Deputy president Kgalema Motlanthe today expressed concern about flaws in the education system, saying the government was working on an improvement plan.
“Challenges in the education sector in our country are well-documented. We continue to have backlogs in infrastructure and facilities such as classrooms, laboratories, libraries and sporting amenities,” he told a business breakfast hosted by the International Marketing Council of South Africa in Johannesburg.
Motlanthe said the new curriculum introduced by the government was aimed at preparing children for post-school life and work.
“One of the tasks of improving the quality of our education remains the need to improve the capacity of educators,” he said.
Motlanthe said it was important for the government to develop social partnerships and support initiatives that improved the functioning of schools.
He said among the key concerns were adult education programmes that were “seriously lagging behind” and students failing to complete their studies due to a lack of money.
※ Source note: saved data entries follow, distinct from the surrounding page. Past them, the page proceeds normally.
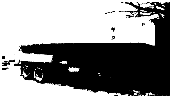
Sprout-Waldron Tandem Axle Bulk Feed Trailer With Self Contained Engine And Blower Equipment
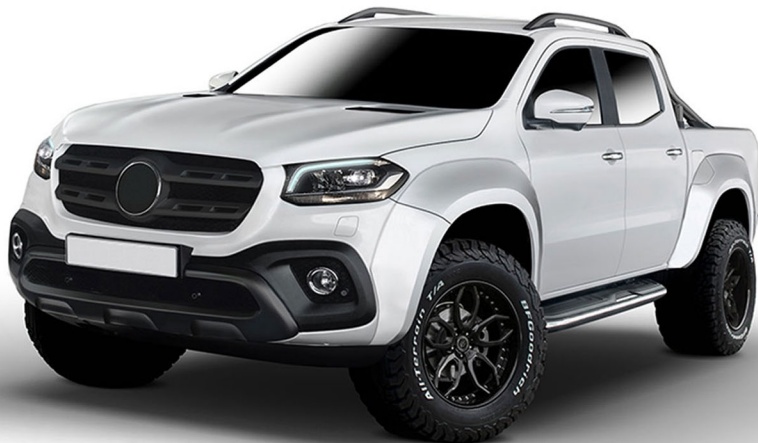
EXTREME WHEEL ARCHES IN PRIMER

For those X-Class clients looking to individualise their Mercedes-Benz we offer you our Extreme wheel arch body kit. Supplied in a ready to paint primer finish, the X-Class wheel arches are a non-drill fitment but require body shop installation.
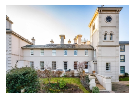
2 Old Hall, Wergs Hall Road, Tettenhall
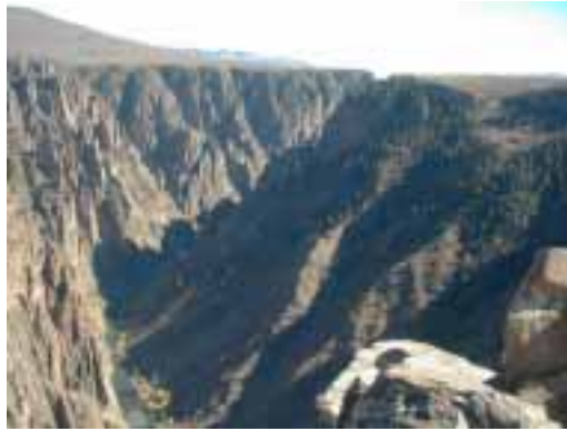
Black Canyon of the Gunnison

canti National Recreation Area, Mesa Verde National Park, the Great Sand Dunes and Dinosaur National Monuments, Colorado National Monument, and the Black Canyon of the Gunnison National Monument.
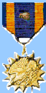
Air Medal with OLC
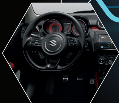
D-shaped steering wheel and stainless steel sport pedals
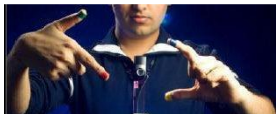
Fig 4: Colored Markers

These colored markers are placed at the tip of the user fingers. This helps the webcam to identify the movement of hand and the gesture recognition.
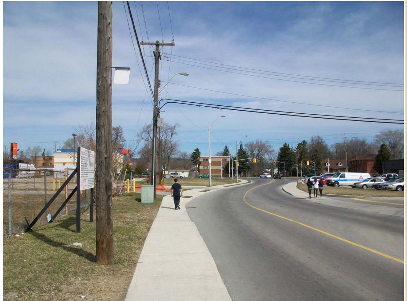
Photo 2 - View North from Rifle Range Road
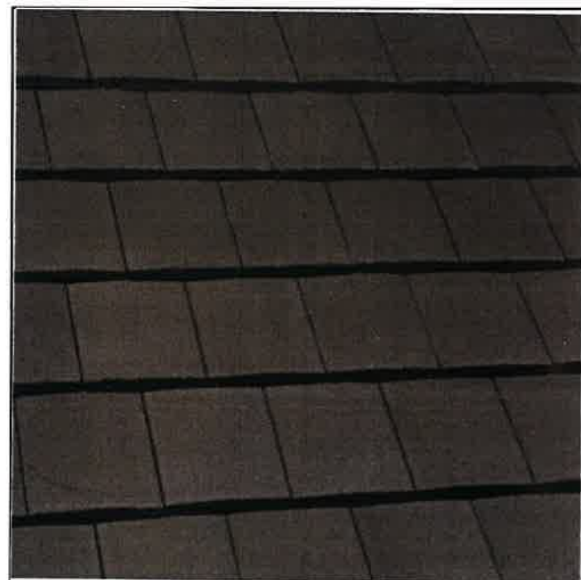
MARLEY ASHMORE INTERLOCKING DOUBLE PLAIN TILE SMOOTH GREY
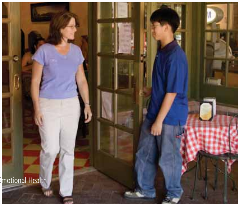
■ Figure 3.6 Courtesy is a sign of respect. How do you show respect for others?
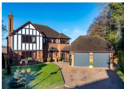
47 Fairfield Drive, Codsall, Wolverhampton
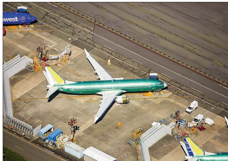
Boeing 737 MAX airplanes were grounded worldwide after the Lion Air and Ethiopian Airlines crashes in 2018.

to comment, referring questions to the Indonesian authorities.
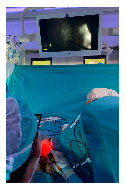
Figure 4. ICG imaging: 5 mL indocyanine green solution (VERDYE 5 mg/mL, Diagnostic Green GmbH, Germany) were injected subcutaneously bilaterally into the proximal inner thigh. An ICG handheld camera (IC-Flow<sup>™</sup> Imaging System, Diagnostic Green GmbH, Germany) was used to detect lymphatic flow and possible leakages, which were subsequently obliterated using bipolar cautery forceps.

Figure 3. Step-by-step operative technique: ( a , b ) The patient was placed in a lithotomy position. The incision was marked, planning for a multiple W-plasty reaching from the apex, near the scrotum, down to 1 cm above the anus. ( c ) After deepithelialization of a 3 cm wide dermal strip to the left of the planned incision, the tumor was dissected en bloc with overlying tissue under conservation of blood vessels, nerves and surrounding muscle. ( d ) After hemostasis and obliteration of lymphatic leakages, a Redon drain (10 Charrière) was inserted before placing the deepithelialized strip underneath the opposing edge of the wound and fixing it transcutaneously to provide a padding-effect by doubling the tissue. The overlying W-plasty was adapted, and the skin was closed via simple interrupted suture. ( e ) A negative pressure wound therapy device was placed epicutaneously over the surgical wound, applying a continuous negative pressure of 125 mmHG.

“Funding, such as bursaries and scholarships for promising but needy students, is a matter of critical importance for our country,” said Motlanthe.
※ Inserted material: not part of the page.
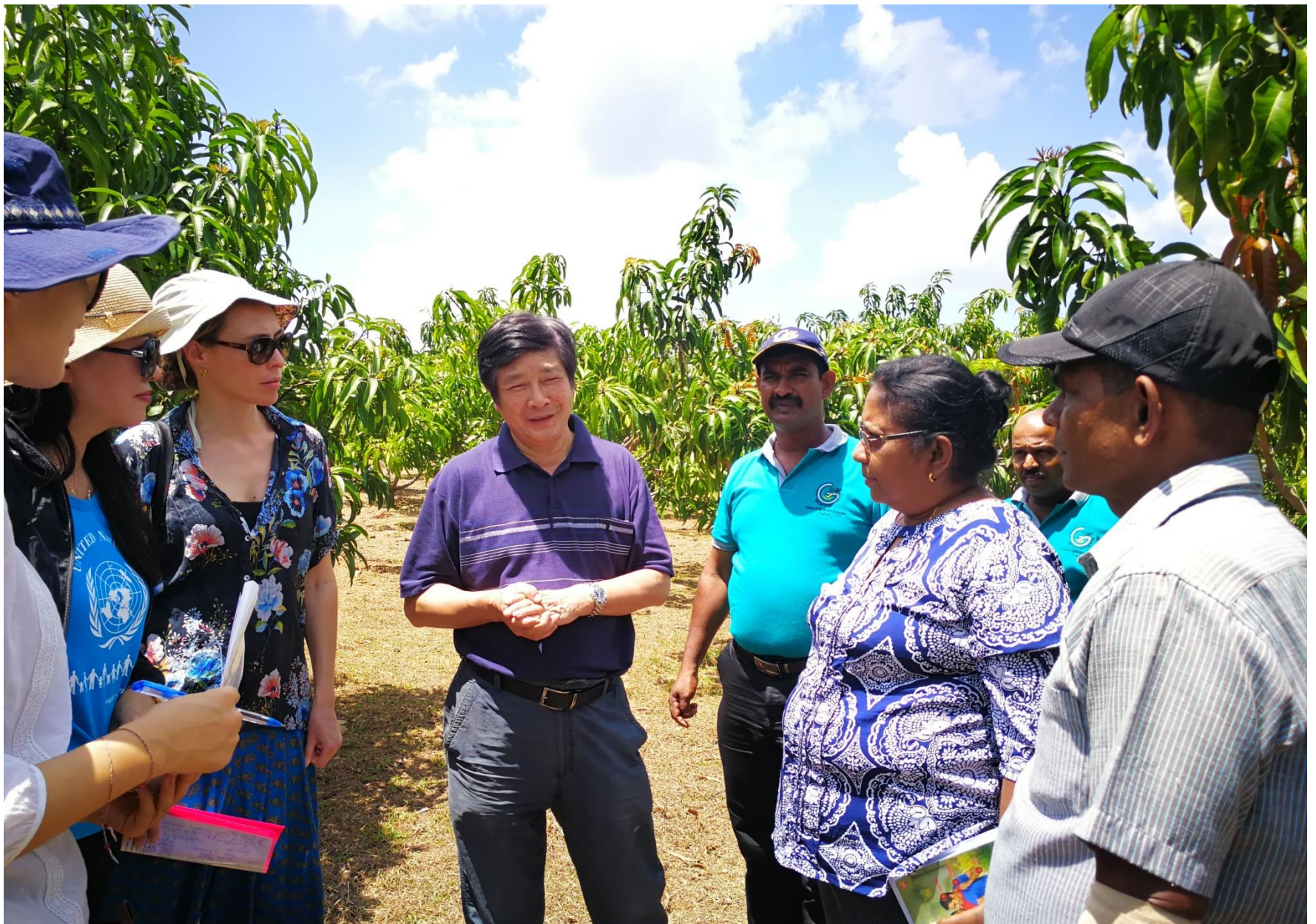
Meeting with farmers and local technical extension staff of Sri Lanka, Feb. 2019
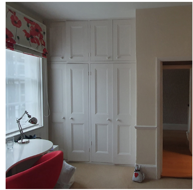
GF front bedroom

Basic Education Minister Angie Motshekga spoke at the same event, saying it was possible to improve education outcomes both in the short and long term.
Her deputy, Enver Surty, said there were still hundreds of schools without water and sanitation, and schools that were unsafe for children. Yet, he said, some of the poorest schools in the country continued to produce good matric results.
Education director-general Bobby Soobrayan said the department’s action plan for 2014 took all of these problems into account.
The plan also addressed South African students’ poor performance in maths and science, and suggested more regular external exams in an attempt to lift standards.